2020: The Year of the Microhabit
Or, The 1% Difference
January 5, 2020
In the creative / personal growth area of my life, I have declared 2020 the Year of the Microhabit: ten minutes of yoga per day, ten minutes of meditation, ten minutes of journaling, and a microessay. These are morning practices, which together make up Phase 1 of my overall morning routine. (Yes, there are multiple phases. We have a lot going on around here.)
Brad and I are also working very hard to get the kids in bed earlier than had become our previous habit – a pattern that is taking some time to change. But we seem to be having some real success. I am trying, at the same time, to make sure that this bedtime routine includes reading at least two books with the little kids, who have not enjoyed as many bedtime stories (with the attendant cuddles) as Emma had by their ages.

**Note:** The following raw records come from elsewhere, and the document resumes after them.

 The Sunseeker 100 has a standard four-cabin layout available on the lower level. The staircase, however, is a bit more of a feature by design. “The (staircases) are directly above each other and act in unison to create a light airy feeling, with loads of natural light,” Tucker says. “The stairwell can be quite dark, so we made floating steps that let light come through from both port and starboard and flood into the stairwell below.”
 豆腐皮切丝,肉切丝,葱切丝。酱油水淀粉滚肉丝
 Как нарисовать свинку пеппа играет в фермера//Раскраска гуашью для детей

This too is a microhabit, and a highly important one at that. The data on the long-term benefits of reading to small children are overwhelming.

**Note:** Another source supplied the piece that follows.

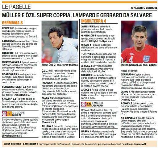 MILANO – La Germania si sbarazza abbastanza agilmente dell’Inghilterra con un netto risultato di 4-1, anche se la partita è stata viziata da un clamoroso ‘gol fantasma’ non assegnato alla ‘Nazionale di Sua Maestà’ messo a segno da Frank Lampard, l’unico tra i suoi compagni a salvare la faccia. Ecco le pagelle della ‘Gazzetta dello Sport’ che premiano i tedeschi con voti decisamente superiori alla media.
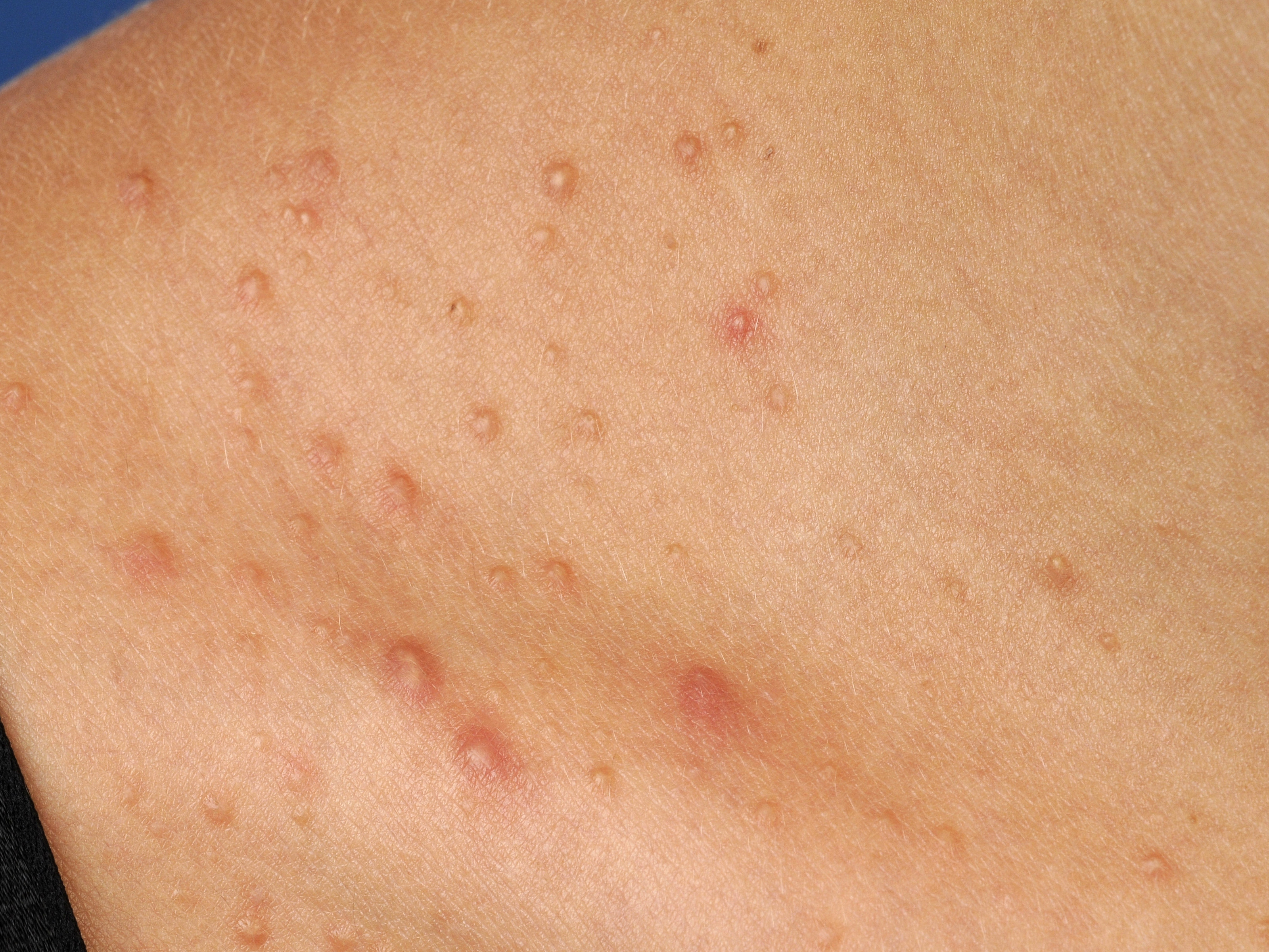 kan overal op de behaarde huid voorkomen, de voorkeurslokalisaties zijn het

The idea behind a ‟microhabit‟ is to harness the power of very small changes that extend and accumulate over time. If you set out to walk a mile and you diverge from your initial path at the outset by only 1%, you will find yourself over 3,730 feet away from your original path, or approximately seven-tenths of a mile, by the time you‛ve walked a full mile on your new path.
Of course, this is just a linear calculation, keeping constant the rate of divergence from the original path. But most people are also familiar, at least vaguely, with the even more dramatic difference made by small but compounding changes. If you start with a dollar and add a penny to it on Day 1 and 1% every day after that, including the previous day‛s 1% when calculating how much to add each subsequent day, your dollar will have become $37.78 by the end of a year. And if you did the same thing with an initial starting amount of $100.00, adding a dollar the first day, $1.01 the second day, $1.02 the third day, and so on using the formula for compounding interest, you will have grown your initial $100.00 to $3,778.34 by the end of the year.

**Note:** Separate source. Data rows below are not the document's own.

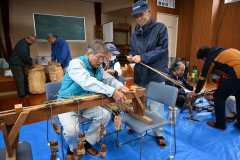 当日は指江地区の住民16名が参加し、熱心に質問しながら菰編みから桟俵の作り方までを学びました。
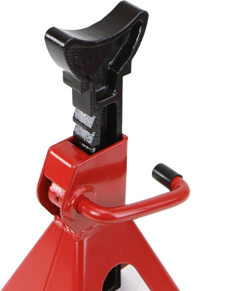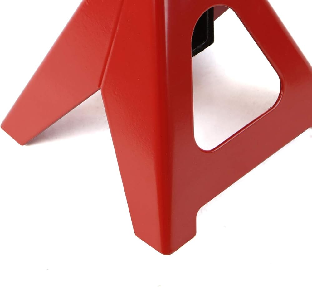 This set of 2 jack stands are ideal for supporting trucks, trailers and equipment in fleet garages, agricultural, industrial and construction environments. They feature a height adjustable pin connected to base for preventing against loss. The steel plate and structural tubing are great for adding strength and stability. The V shaped construction saddles to cradle axles and other truck components Features: Jack stands give home mechanics and general DIYers the security and stability they need to get the job done Durable yet compact and lightweight, the steel jack stands can be stored in the garage or easily kept in the trunk along with other roadside equipment for easy access Top saddle has large concave shape contact surface area, providing the load perfect support. Heavy duty jack stands can relieve the pressure on the tires and get enough room and safety underneath the vehicle to do any repair for you Multi-position ratchet bar with ductile iron is designed as sawtooth style for adjusting to the proper locking position fine and engage with the bar deep in its place and removal quickly. Floor jack stand equipped with hand self-locking to support the load solidly Specifications: Color: Red Material: Steel Max Weight Capacity: 3-Ton (6,000lbs) Minimum Height: 11.22" Max Lift Height: 16.5" Quantity: 2 Package Contents: 2 x Jack Stands
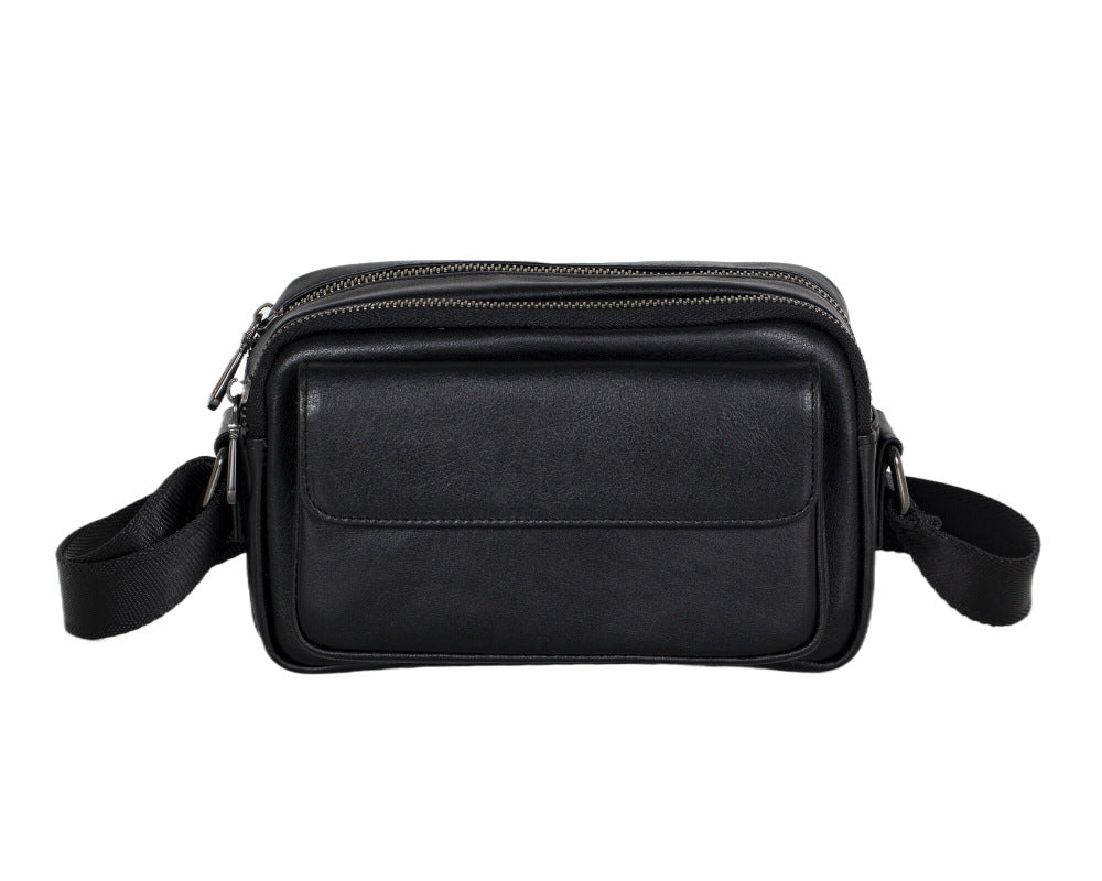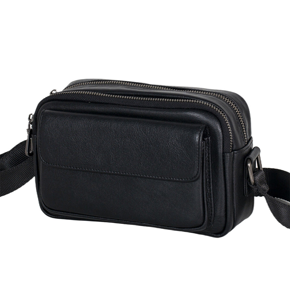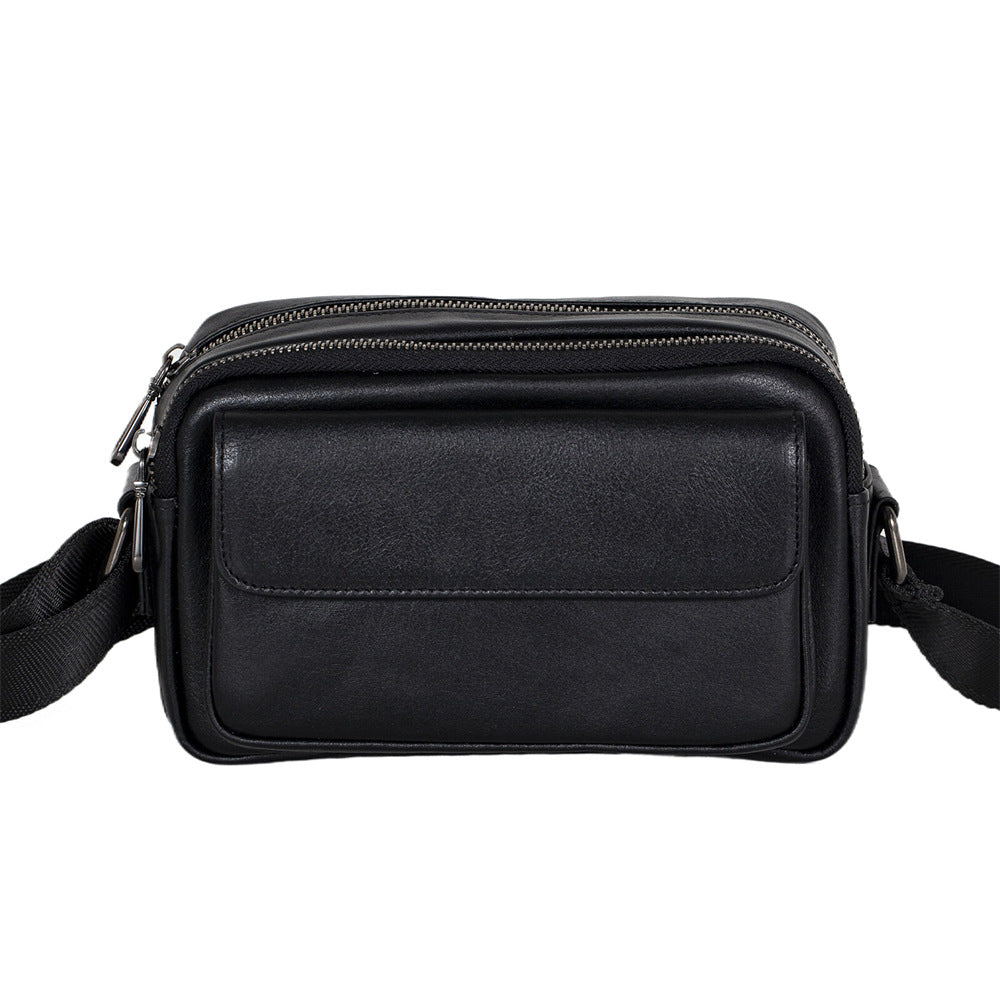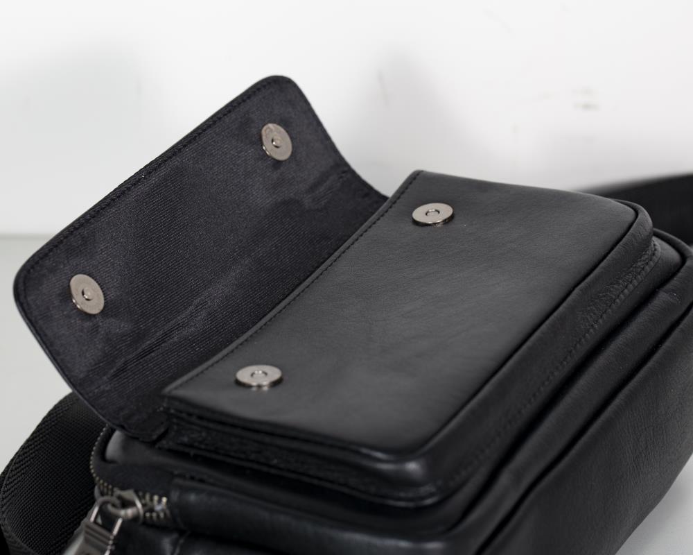 Mens Black Leather Crossbody Bag | Compact & Secure Everyday Carry Bag

Now, to be fair, no one in the real world gets a daily 1% return on their investments – or at least not consistently (I suppose jumps like that may happen occasionally). But that‛s not the point. The point is to illustrate the power of a small change over time. Both linear and compounding changes are profound.
So think about this: if I have 1000 waking minutes per day (24 hours x 60 minutes = 1440 minutes, of which 440 are devoted to sleep), then ten minutes is 1% of my waking day. Considering the difference 1% makes, what will I do with the next ten minutes?